Verderop, met name in de nrs. 4.26–4.32, kom ik terug op de uitleg van deze artikelen, nadat eerst de communautaire achtergronden zijn bezien.
4.B. Bepalingen in internationale verdragen
4.5.
In het debat tussen partijen wordt mede een beroep gedaan op, of gerefereerd aan de volgende bepalingen in verdragen, waarbij Nederland en/of de Europese Unie partij zijn:
4.5.1.
‘TRIPS-Verdrag’10.:
Artikel 9
- 1.
De Leden leven de artikelen 1 tot en met 21 van en het aanhangsel bij de Berner Conventie (1971) na. […]
4.5.2.
Artikel 11
- 1.
Auteurs van toneelwerken, dramatisch-muzikale werken en muziekwerken genieten het uitsluitend recht toestemming te verlenen tot:
- 1o.
de openbare opvoering en uitvoering van hun werken, met inbegrip van de openbare opvoering en uitvoering met alle middelen of werkwijzen;
- 2o.
de openbare overbrenging met alle middelen van de opvoering en uitvoering van hun werken.
[…]
Artikel 11bis
- 1.
Auteurs van werken van letterkunde en kunst genieten het uitsluitend recht toestemming te verlenen tot:
- 1o.
de radio-uitzending van hun werken of de openbare mededeling van deze werken door ieder ander middel, dienende tot het draadloos verspreiden van tekens, geluiden of beelden;
- 2o.
elke openbare mededeling, hetzij met of zonder draad, van het door de radio uitgezonden werk, wanneer deze mededeling door een andere organisatie dan de oorspronkelijke geschiedt;
- 3o.
de openbare mededeling van het door de radio uitgezonden werk door een luidspreker of door ieder ander dergelijk instrument, dat tekens, geluiden of beelden overbrengt.
[…]
4.5.3.
WIPO Auteursrecht Verdrag12.
Artikel 8
Onverminderd de bepalingen van de artikelen 11, eerste lid, onder (ii), 11bis, eerste lid, onder (i) en (ii), 11ter, eerste lid, onder (ii), 14, eerste lid, onder (ii), en 14bis, eerste lid van de Berner Conventie, hebben auteurs van werken van letterkunde en kunst het uitsluitend recht om toestemming te verlenen voor het per draad of langs draadloze weg mededelen van hun werken aan het publiek, met inbegrip van het op zodanige wijze voor het publiek beschikbaar stellen van hun werken dat deze voor leden van het publiek beschikbaar zijn vanaf een door hen gekozen plaats en op een door hen gekozen tijdstip.
Een ‘gemeenschappelijke verklaring’13. bij dit artikel luidt:
‘Het is wel verstaan dat de enkele terbeschikkingstelling van materiële faciliteiten voor het mogelijk maken of verichten van een mededeling op zich geen mededeling in de zin van dit verdrag of de Berner Conventie uitmaakt.
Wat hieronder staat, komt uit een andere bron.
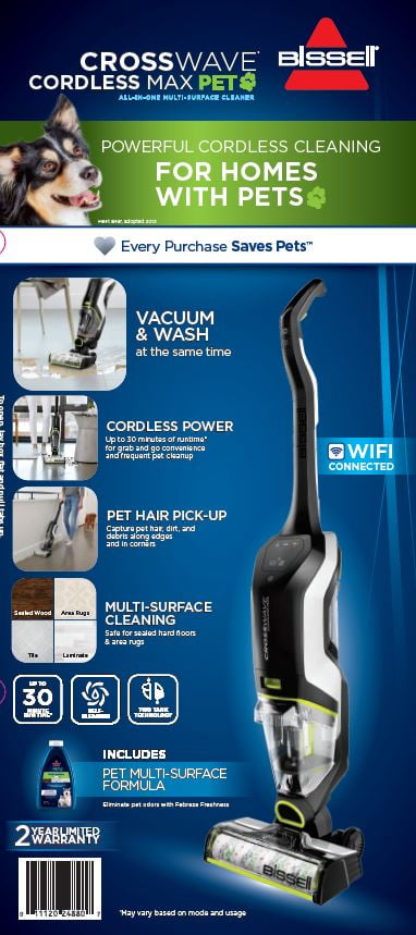 BISSELL® CrossWave® Cordless Max Pet multi-surface cleaner combines tasks, vacuuming and washing at the same time to save you time! The 36V lithium-ion battery provides up to 30 minutes* of powerful cordless cleaning for homes with pets, so you can move throughout your home without being tied to an outlet. Its multi-surface cleaning capabilities let you switch from cleaning sealed hard floors to refreshing area rugs in an instant. CrossWave Cordless Max Pet multi-surface cleaner also captures pet hair, dirt, and debris along edges and in corners. Its Two-Tank Technology keeps clean and dirty water separate, so unlike mopping, only clean water and formula are dispersed on your floor. When you’re finished cleaning, CrossWave Cordless Max Pet multi-surface cleaner’s self-cleaning cycle cleans the brush roll and inside of the machine, to maximize cleaning performance. It also comes with a PET Multi-Surface Brush Roll and two PET Multi-Surface formula’s with Febreze Freshness to help eliminate pet odors. And this machine doesn’t just clean up after pets, it helps save them, too! BISSELL proudly supports BISSELL Pet Foundation® and its mission to help save homeless pets. When you buy a BISSELL product, you help save pets. We’re proud to design products that help make pet messes, odors and pet homelessness disappear. *May vary based on mode and usage.

Het is voorts wel verstaan dat niets in artikel 8 van dit verdrag eraan in de weg staat dat een verdragsluitende partij artikel 11bis, lid 2, van de Berner Conventie toepast.’
4.6.
Op de toepasselijkheid van de hierboven vermelde verdragsbepalingen in casu kom ik terug in nrs. 4.45 en 5.9.
4.C. Communautairrechtelijk kader (algemeen)
4.7.
Via een zevental richtlijnen zijn in de afgelopen 20 jaar, stap voor stap, deelgebieden van het auteursrecht communautairrechtelijk geharmoniseerd. In de onderhavige zaak zijn twee richtlijnen aan de orde: de — breed opgezette — richtlijn 2001/29/EG, die — het weinig onderscheidend karakter van die naam ten spijt — in Nederland vrij algemeen als ‘de Auteursrechtrichtlijn’14. wordt aangeduid, en de oudere, minder omvattende Satelliet- en kabelrichtlijn 93/83/EEG15..
4.8.
In het in cassatie bestreden arrest heeft het gerechtshof te Amsterdam klaarblijkelijk beslissende betekenis toegekend aan de in art. 1 lid 2, sub a en sub c van richtlijn 93/83 gegeven definitie van het begrip ‘mededeling aan het publiek per satelliet’.
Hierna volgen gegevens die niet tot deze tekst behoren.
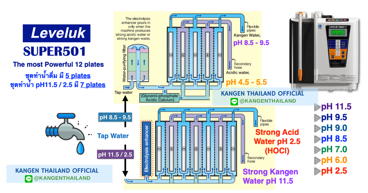 เครื่องรุ่นนี้ จะมีแผ่นเพลตทั้งหมด 12 เพลตในเครื่องเดียวกัน แต่ไม่ได้ใช้ทั้ง 12 เพลตนี้ในการผลิตน้ำทุกประเภทเหมือนรุ่น Kangen8 แต่รุ่น Super501 จะแยกแผ่นเพลตออกเป็น 2 ชุด ชุดที่หนึ่ง มี 5 แผ่นเพลต และ ชุดที่สอง มี 7แผ่นเพลต

Een m.i. essentiële stap op de weg om straks de (hoofd-)klachten van Buma naar waarde te kunnen schatten, is het onderzoek naar de vraag of die bepalingen, en de bepaling van art. 3 van richtlijn 2001/29 slechts een minimumharmonisatie inhouden, en ruimte laten om ook daarbuiten een auteursrechtelijk relevante ‘mededeling aan het publiek (per satelliet)’ aan te nemen, dan wel een maximumharmoniserend karakter hebben.
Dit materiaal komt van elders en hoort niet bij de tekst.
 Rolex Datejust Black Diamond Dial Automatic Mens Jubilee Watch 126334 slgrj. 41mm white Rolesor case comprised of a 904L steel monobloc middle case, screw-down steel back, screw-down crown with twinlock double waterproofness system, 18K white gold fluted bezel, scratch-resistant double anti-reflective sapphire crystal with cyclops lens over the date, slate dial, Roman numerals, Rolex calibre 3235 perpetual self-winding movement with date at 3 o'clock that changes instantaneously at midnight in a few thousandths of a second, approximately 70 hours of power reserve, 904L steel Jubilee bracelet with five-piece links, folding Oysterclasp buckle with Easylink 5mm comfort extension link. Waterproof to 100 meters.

Die rechtsvraag is door het Amsterdamse hof zelf niet (in elk geval niet met zo veel woorden) onder ogen gezien, maar speelt in het cassatiedebat een belangrijke rol.
4.9.1.
Ik verraad reeds dat verderop (in onderdelen 4.J–4.K van deze conclusie, met name nrs. 4.43–4.44 en 4.49) zal blijken dat ik voor de onderhavige zaak Buma/Chellomedia de vraag naar de toepasselijkheid, en daarmee de vraag naar de uitleg van bepalingen in de Satelliet- en kabelrichtlijn 93/83/EEG niet langer van betekenis acht. Dat is het gevolg van het in verschillende opzichten verhelderende arrest van het HvJ EG van 7 december 2006 in de zaak SGAE/Rafael Hoteles over de uitleg van art. 3 van richtlijn 2001/29. Dat arrest is pas gewezen nádat het gerechtshof te Amsterdam het nu in cassatie bestreden arrest wees.
4.9.2.
Omdat de genoemde bepalingen van richtlijn 93/83 in de rechtsstrijd bij de rechtbank en bij het gerechtshof te Amsterdam evenwel centraal stonden, zal ik er toch een beschouwing aan wijden. Wat mij betreft zijn de hierna volgende nrs. 4.10–4.15, en ook de nrs. 4.16–4.25 over de vraag of richtlijn 93/83 ten deze minimumharmonisatie dan wel maximumharmonisatie inhoudt, evenwel ten overvloede geschreven.
4.D. Satelliet- en kabelrichtlijn 93/83/EEG
4.10.
Uit richtlijn 93/83 citeer ik de volgende op satelliettransmissie betrekking hebbende bepalingen:
‘Hoofdstuk I. Definities
Artikel 1. Definities
- 1.
In deze richtlijn wordt verstaan onder ‘satelliet’: een satelliet die werkt op frequentiebanden die volgens het telecommunicatierecht alleen mogen worden gebruikt voor het uitzenden van signalen voor ontvangst door het publiek, of voor niet-openbare, individuele communicatie. In het laatste geval dient de individuele ontvangst van de signalen echter plaats te vinden onder omstandigheden die vergelijkbaar zijn met het eerste geval.
- 2.
- a)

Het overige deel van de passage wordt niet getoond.